# New member from NB



## Marknb (Dec 10, 2021)

Hi All,

Another new member from New Brunswick, just outside the Fredericton area. I’ve been reading on the site for a while and figured it was time to join. Hoping to find a decent used lathe over the next few months.  

I haven’t seen much for sale lately, so if anyone knows of any good ones available in the maritimes, please let me know. 

thanks
Mark


----------



## YYCHM (Dec 10, 2021)

Welcome from Calgary.


----------



## Susquatch (Dec 10, 2021)

Welcome from farmland south of Chatham Ontario.


----------



## 140mower (Dec 10, 2021)

Welcome from Lillooet BC.


----------



## CalgaryPT (Dec 10, 2021)

Welcome from Calgary.


----------



## justindavidow (Dec 10, 2021)

Welcome Mark!

A warm welcome from Winnipeg! 

What kind of work are you looking to do with the Lathe?  Do you have a particular size / project-domain in mind?  or are you just scouting?

I don't know anything about the maritime machine tool market I'm afraid,  sorry about that!


----------



## Susquatch (Dec 10, 2021)

justindavidow said:


> I don't know anything about the maritime machine tool market I'm afraid, sorry about that!

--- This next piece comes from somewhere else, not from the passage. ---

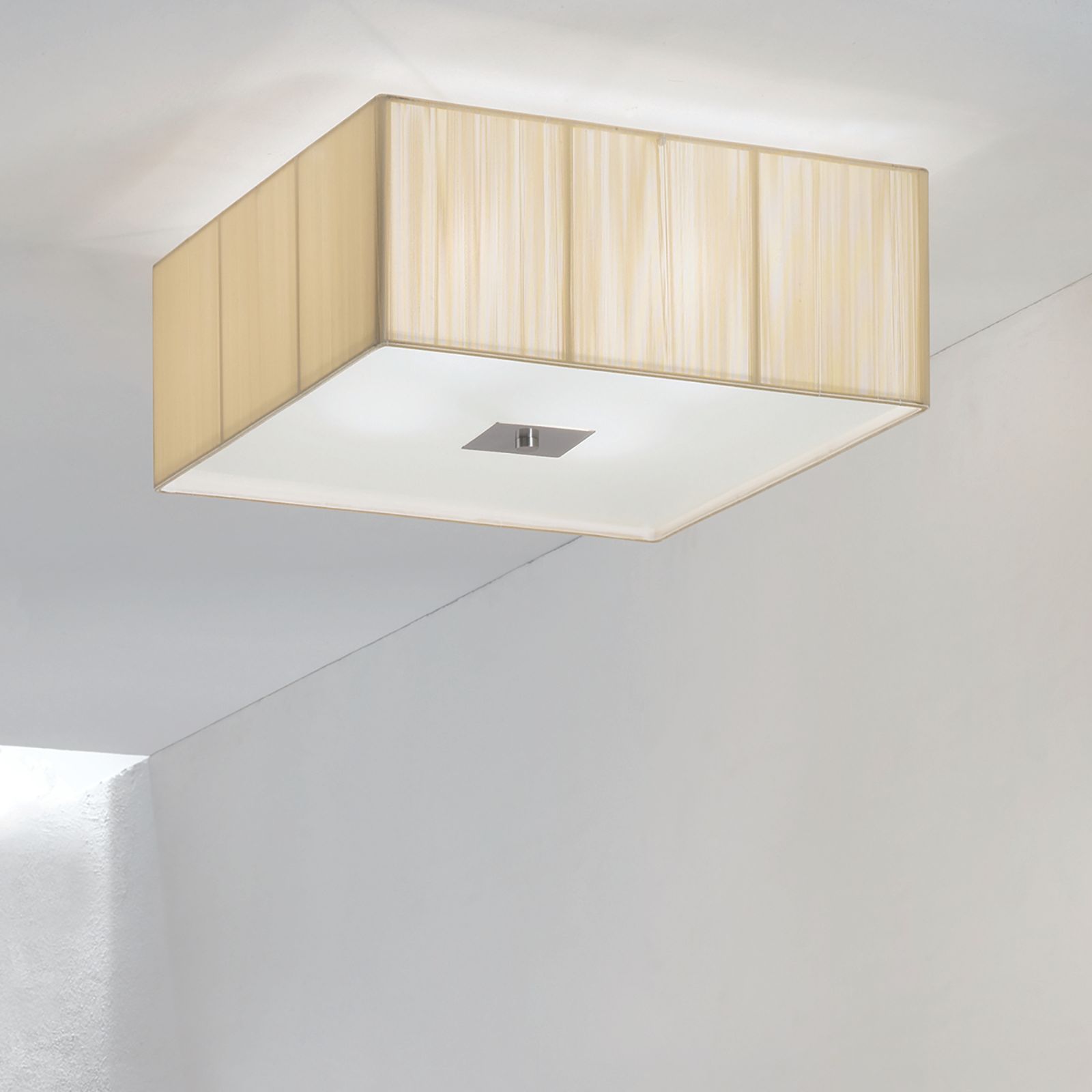 Unterschiedlichste Inneneinrichtungsstile lassen sich mit der Deckenleuchte aus der Leuchtenfamilie EMIDO aufgrund des modernen Erscheinungsbilds ausgezeichnet ins rechte Licht rücken. Die Abdeckung ist aus Stoff/Textil, der Leuchtenkörper aus Metall gemacht und mit einer Oberflächenveredelung in Satin/Nickel-matt versehen. Die Deckenleuchte ist mit 4 E27-Fassungen versehen und kann mit maximal 60 Watt je Fassung ausgestattet werden.

Those Maritimes guys are just like the rest of us except they eat lobster and pheasant when they get really hungry and we eat gophers and grackles.


----------



## CalgaryPT (Dec 10, 2021)

Susquatch said:


> Those Maritimes guys are just like the rest of us except they eat lobster and pheasant when they get really hungry and we eat gophers and grackles.


Bahaaaaaha. 

Wait, is this true????


----------



## Brent H (Dec 10, 2021)

Hey @Marknb - I am in Harvey every summer - maybe see you this year!  Welcome to the Forum!!


----------



## YYCHM (Dec 10, 2021)

Brent H said:


> Hey @Marknb - I am in Harvey every summer - maybe see you this year!  Welcome to the Forum!!

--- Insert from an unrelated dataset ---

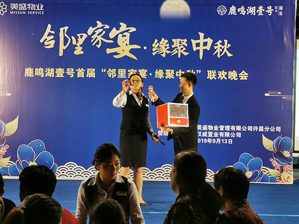 慶祝中秋佳節,喜迎新中國成立70周年大慶,王總上臺為本次活動致辭,致辭中表達了實現鄰里間的相識、相知、相助,把一個個溫馨的小家庭串成和睦的大家庭,共建“鄰里關愛、團結互助”的鄰里關系。

Do you drive there and back Brent?


----------



## Brent H (Dec 10, 2021)

@YYCHM - of course - towing a trailer.  It is only less half the distance to Calgary so I do that in one 16 hour day.


----------



## Dusty (Dec 10, 2021)

Welcome Mark from chilly Saskatchewan, best of luck in finding a lathe to fit your needs.


----------



## 6.5 Fan (Dec 10, 2021)

Welcome from SK.


----------



## Marknb (Dec 10, 2021)

Thanks for the welcome.

I‘m looking to do a little gunsmithing, mainly chambering barrels for myself. Ideally I’d like to get something around 14x40 or there abouts.

The maritime tool market is a little more sparse than Quebec/Ontario. Anything good and reasonably priced goes fast(same as everywhere I suppose). Most used machines/tools here seem overpriced compared to other areas.

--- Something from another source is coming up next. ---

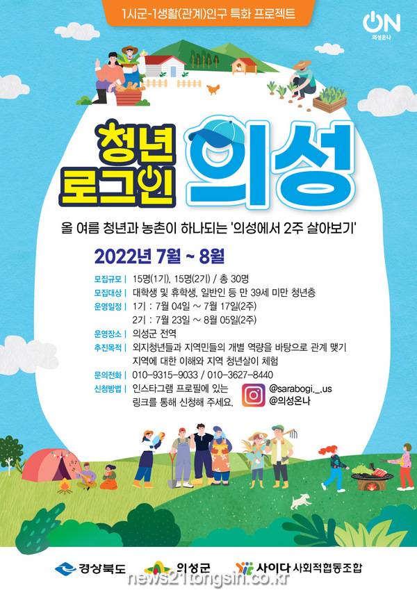 의성군은 ‘1시군-1생활(관계)인구 특화 프로젝트: 의성ON나’의 첫번째 프로그램인 ‘청년 로그인 의성’ 2기 참여자를 오는 7월 4일까지 모집한다.

  I’m at the point I need to start looking in Quebec and Ontario and be prepared to go for a drive, or start to consider buying new.


----------



## YotaBota (Dec 10, 2021)

Welcome from the Pacific Coast. Good luck in your search.


----------



## Susquatch (Dec 11, 2021)

Marknb said:


> Thanks for the welcome.
> 
> I‘m looking to do a little gunsmithing, mainly chambering barrels for myself. Ideally I’d like to get something around 14x40 or there abouts.
> 
> ...



If you lived a little closer I'd suggest that you just jump in the car and come over here with your parts..... On the other hand, it's wouldn't be like driving to Calgary or Vancouver......


----------



## LenVW (Dec 11, 2021)

Welcome aboard Mark !!
I am new to the group as well.
Lots of helpful comments and friendly guys.


----------



## Thomas (Dec 12, 2021)

Welcome from Saint John, NB


----------



## Thomas (Dec 18, 2021)

There is a lathe for sale at Harbor city electromechanical in Saint John, they are looking for $1000. I believe it is a southbend.


----------



## YYCHM (Dec 18, 2021)

Thomas said:


> There is a lathe for sale at Harbor city electromechanical in Saint John, they are looking for $1000. I believe it is a southbend. View attachment 19123



Put that in this thread https://canadianhobbymetalworkers.com/forums/member-spotted-deals.29/.    Good find!


----------



## Dabbler (Dec 19, 2021)

@Thomas that is a great deal for a SB 9A lathe.  If you don't have a lathe, burn rubber to go buy it!


----------



## Marknb (Dec 19, 2021)

Thomas said:


> There is a lathe for sale at Harbor city electromechanical in Saint John, they are looking for $1000. I believe it is a southbend. View attachment 19123


Thanks for that, do you happen to have any contact info for them?

thanks
Mark


----------



## Thomas (Dec 19, 2021)

They are closing for good soon, If you have time get down there tomorrow.


----------



## Susquatch (Dec 19, 2021)

Marknb said:


> Thanks for that, do you happen to have any contact info for them?
> 
> thanks
> Mark



Be there when they open and resist the temptation to haggle. 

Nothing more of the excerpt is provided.